=== TASK ===
Below are lines of records; copy exactly those from the one containing "2018年6月1日中標(bi" through the one containing "Passat B6 2006 |", leaving the pictures behind.

=== GIVEN INFORMATION ===
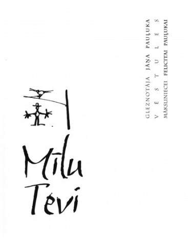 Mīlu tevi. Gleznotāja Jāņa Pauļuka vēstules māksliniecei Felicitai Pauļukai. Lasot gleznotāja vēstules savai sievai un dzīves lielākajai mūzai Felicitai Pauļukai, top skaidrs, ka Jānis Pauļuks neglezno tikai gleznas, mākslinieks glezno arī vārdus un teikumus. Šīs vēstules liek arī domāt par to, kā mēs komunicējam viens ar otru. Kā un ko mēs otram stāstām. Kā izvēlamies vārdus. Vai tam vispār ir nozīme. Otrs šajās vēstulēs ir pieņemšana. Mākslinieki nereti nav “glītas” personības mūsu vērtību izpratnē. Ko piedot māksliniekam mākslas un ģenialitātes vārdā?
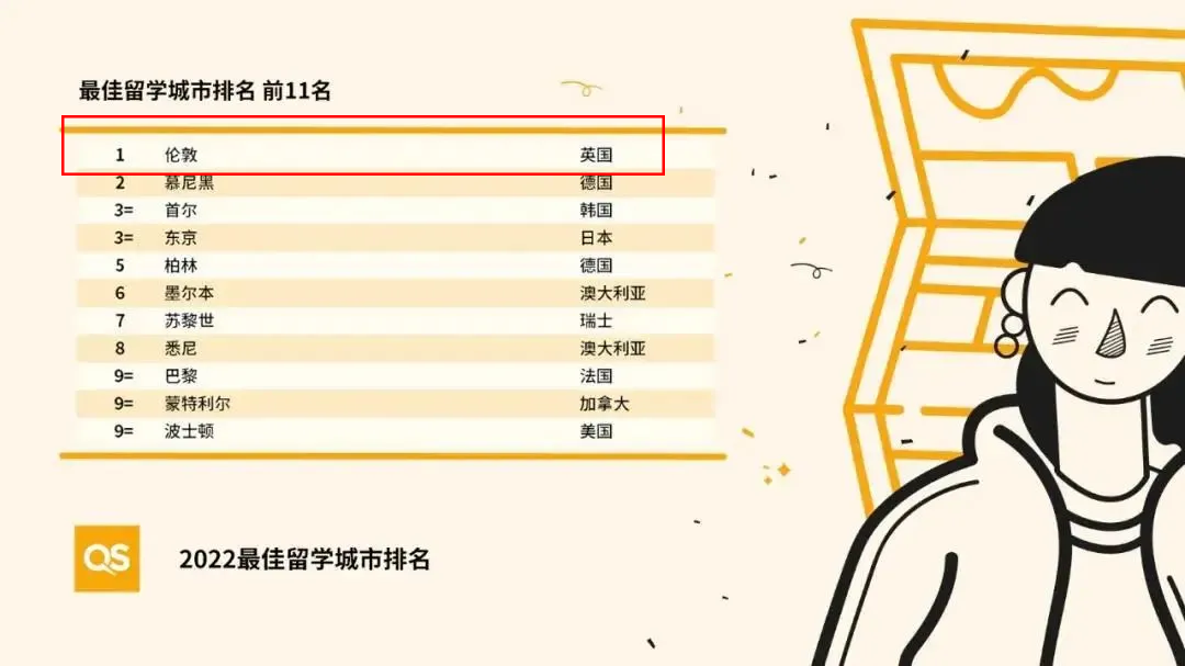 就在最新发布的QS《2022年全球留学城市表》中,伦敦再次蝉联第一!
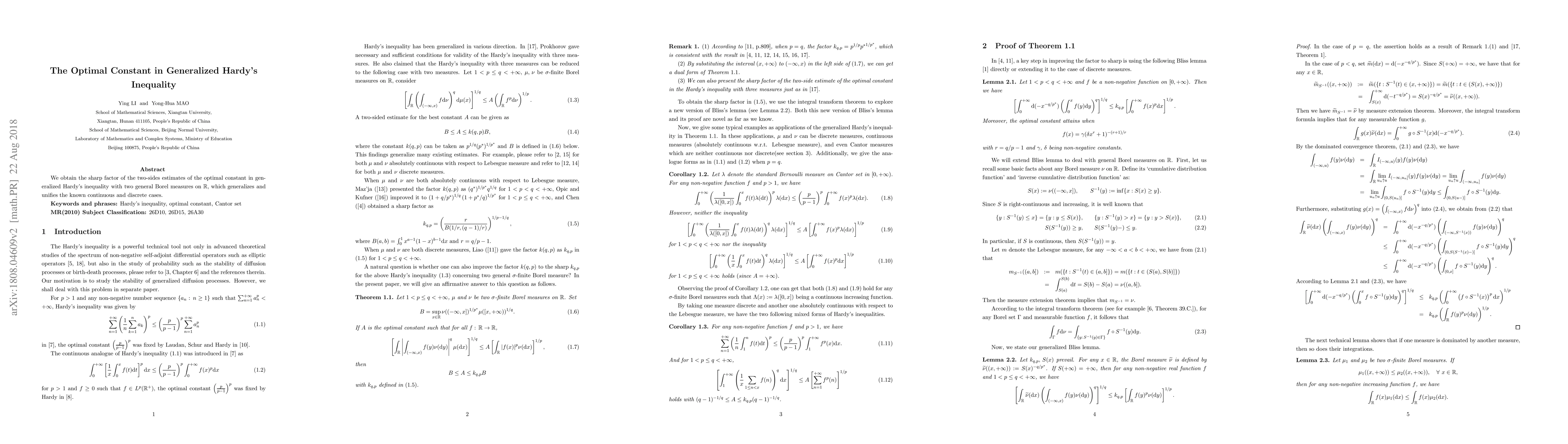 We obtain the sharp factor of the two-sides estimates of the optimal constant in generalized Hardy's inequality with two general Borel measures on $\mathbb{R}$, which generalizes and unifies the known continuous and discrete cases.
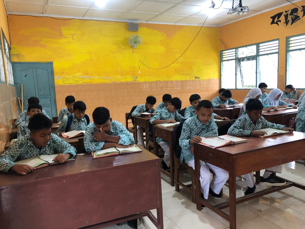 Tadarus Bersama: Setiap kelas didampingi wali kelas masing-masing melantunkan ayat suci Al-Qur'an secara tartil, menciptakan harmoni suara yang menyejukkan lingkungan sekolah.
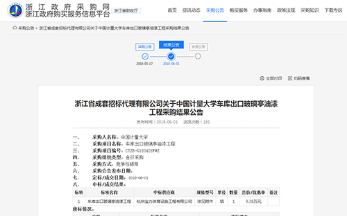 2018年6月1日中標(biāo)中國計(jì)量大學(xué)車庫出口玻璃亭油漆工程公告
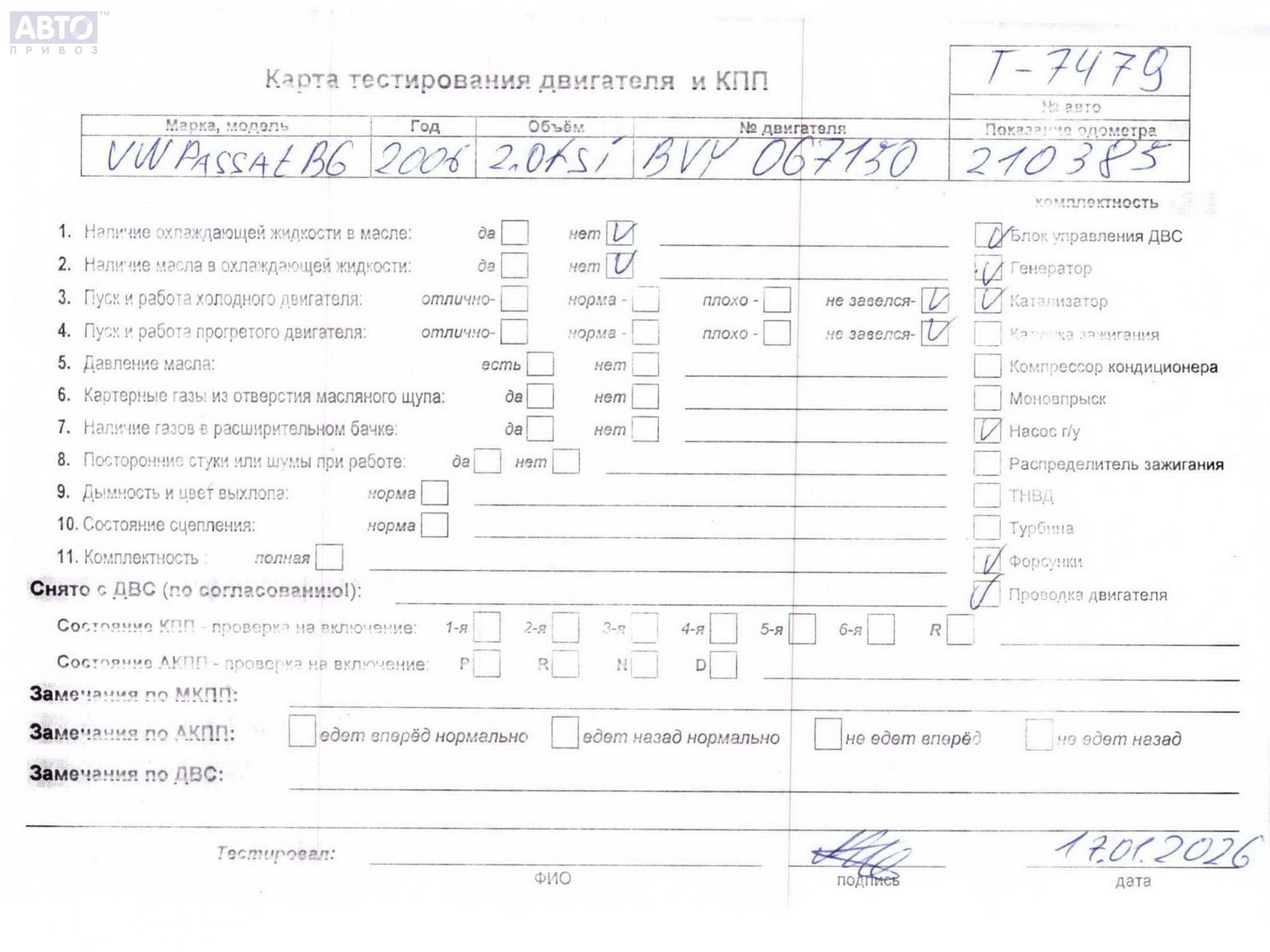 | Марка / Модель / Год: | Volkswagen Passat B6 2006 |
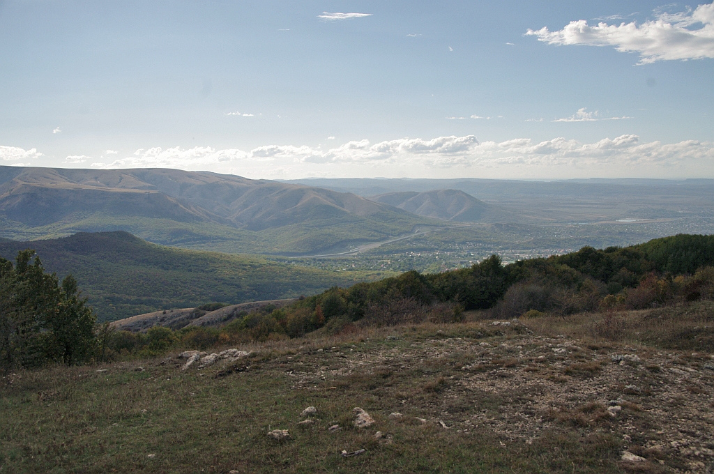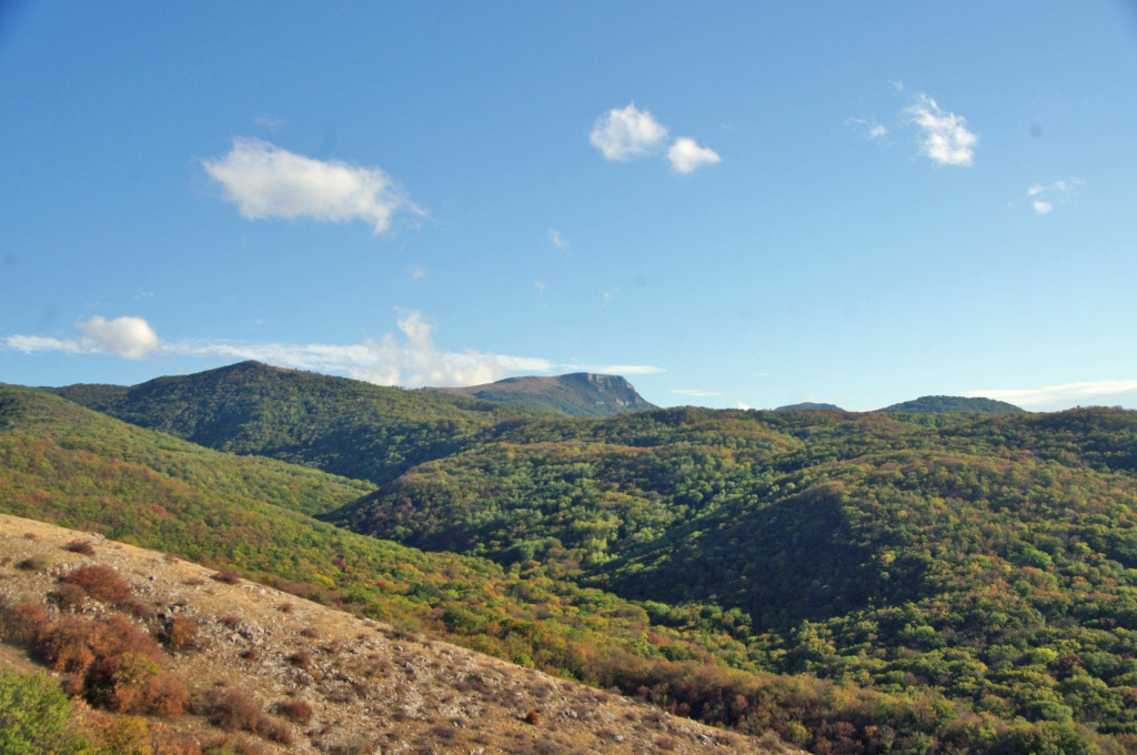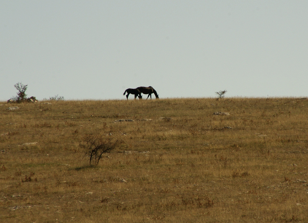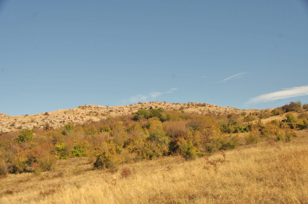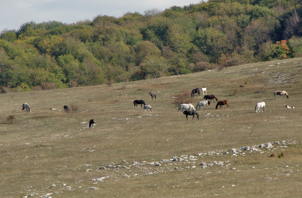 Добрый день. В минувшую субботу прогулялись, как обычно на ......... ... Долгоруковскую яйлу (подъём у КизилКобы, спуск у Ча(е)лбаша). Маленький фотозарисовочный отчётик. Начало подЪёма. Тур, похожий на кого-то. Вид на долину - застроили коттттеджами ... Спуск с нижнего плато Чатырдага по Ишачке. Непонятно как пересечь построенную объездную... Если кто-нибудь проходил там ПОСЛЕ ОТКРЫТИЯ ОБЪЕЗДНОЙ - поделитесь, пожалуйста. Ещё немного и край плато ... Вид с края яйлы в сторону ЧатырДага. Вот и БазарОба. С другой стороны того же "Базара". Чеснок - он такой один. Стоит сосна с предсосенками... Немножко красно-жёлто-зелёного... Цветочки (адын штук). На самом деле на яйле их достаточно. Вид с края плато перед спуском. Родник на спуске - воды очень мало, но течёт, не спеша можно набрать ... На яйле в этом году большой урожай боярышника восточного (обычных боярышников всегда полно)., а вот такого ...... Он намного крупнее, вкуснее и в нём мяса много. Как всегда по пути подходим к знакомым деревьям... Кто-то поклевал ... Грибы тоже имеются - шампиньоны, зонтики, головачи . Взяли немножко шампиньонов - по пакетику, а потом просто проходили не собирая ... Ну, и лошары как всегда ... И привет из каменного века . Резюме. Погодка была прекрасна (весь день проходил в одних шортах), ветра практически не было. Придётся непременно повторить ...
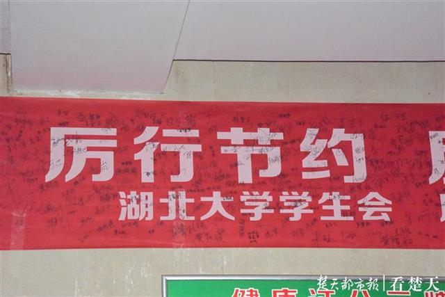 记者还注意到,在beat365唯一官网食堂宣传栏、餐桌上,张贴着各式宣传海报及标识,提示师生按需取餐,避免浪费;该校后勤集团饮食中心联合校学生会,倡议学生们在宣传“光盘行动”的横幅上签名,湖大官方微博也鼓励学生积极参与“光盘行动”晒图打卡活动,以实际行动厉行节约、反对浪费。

=== WRITTEN RESPONSE ===
 2018年6月1日中標(biāo)中國計(jì)量大學(xué)車庫出口玻璃亭油漆工程公告
 | Марка / Модель / Год: | Volkswagen Passat B6 2006 |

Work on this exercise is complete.